If we are trying to approximate Solomonoff induction, only the complexity in the overall description of the universe counts directly, and a universe in which thief 3 stole the diamond isn’t any more complex in terms of overall description than one in which the diamond stayed put. Instead, we account for the complexity of Bob’s specific hypothesis in terms of ordinary probability, which accounts for the fact that there are more universes which are compatible with some theories than are compatible with other theories. E.g. in this particular case there will be some base rate for theft, for a locally prominent thief being involved, etc, and we can use that to penalize Bob’s hypotheses instead. As part of that calculation, the fact that there are 4 thieves applies a factor of four penalty (2 bits) to any particular thief.
Regarding Alice’s hypotheses, I think the “the diamond spontaneously disappeared” hypothesis is actually a much larger hypothesis (in terms of bits) than you are giving it credit for. If you don’t gerrymander your descriptions to make this smaller, then the same number of bits should describe any other comparable object disappearing.
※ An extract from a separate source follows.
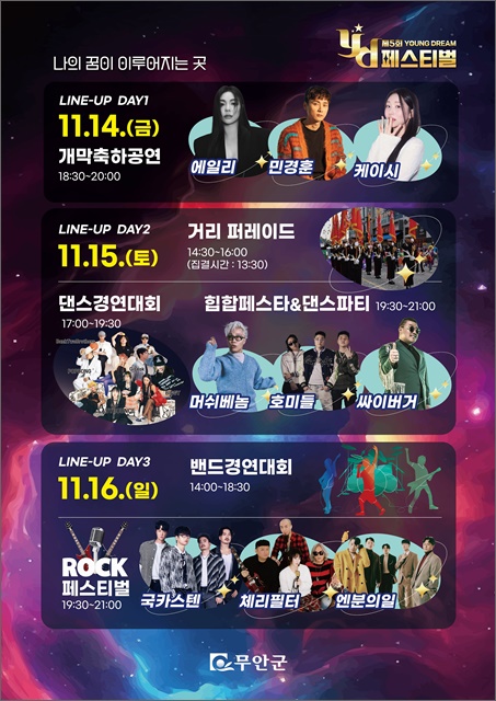 16ÀÏ¿¡´Â Àü±¹ ¹êµå °æ¿¬´ëȸ¿Í ½Ç·ÂÆÄ ¶ôÄ¿ÀÎ ±¹Ä«½ºÅÙ, ü¸®ÇÊÅÍ, ¿£ºÐÀÇÀÏÀÇ °·ÄÇÑ °ø¿¬À¸·Î YD Æä½ºÆ¼¹úÀ» ¸¶¹«¸®ÇÒ ¿¹Á¤ÀÌ´Ù.

Also, your bits need to specify the time of disappearance as well up to the observed precision, so the number of bits should be (ignoring additional details such as the precise manner of disappearance) around log2((number of comparable objects in universe)*(age of the universe)/(observed time window of disappearance)), which should I think be pretty decent in size.
Now, this may not be a particularly satisfying answer since I am only addressing your particular example, and not the general question of “how do low level hypotheses constrain high level ones?” AFAIK assessing how compatible any given high level hypothesis is with simple low level physics might in general be a complex issue.
(in writing the original comment, I actually wrote the second paragraph first then re-ordered them, which may have effected the consistency. I do think however it would be easy to forget to take this into account in calculating bit’s for Alice’s calculation while automatically taking it into acccount (via base rate which includes amount of thefts per time) in Bob’s calculation.)
If we are trying to approximate Solomonoff induction, only the complexity in the overall description of the universe counts directly, and a universe in which thief 3 stole the diamond isn’t any more complex in terms of overall description than one in which the diamond stayed put. Instead, we account for the complexity of Bob’s specific hypothesis in terms of ordinary probability, which accounts for the fact that there are more universes which are compatible with some theories than are compatible with other theories. E.g. in this particular case there will be some base rate for theft, for a locally prominent thief being involved, etc, and we can use that to penalize Bob’s hypotheses instead. As part of that calculation, the fact that there are 4 thieves applies a factor of four penalty (2 bits) to any particular thief.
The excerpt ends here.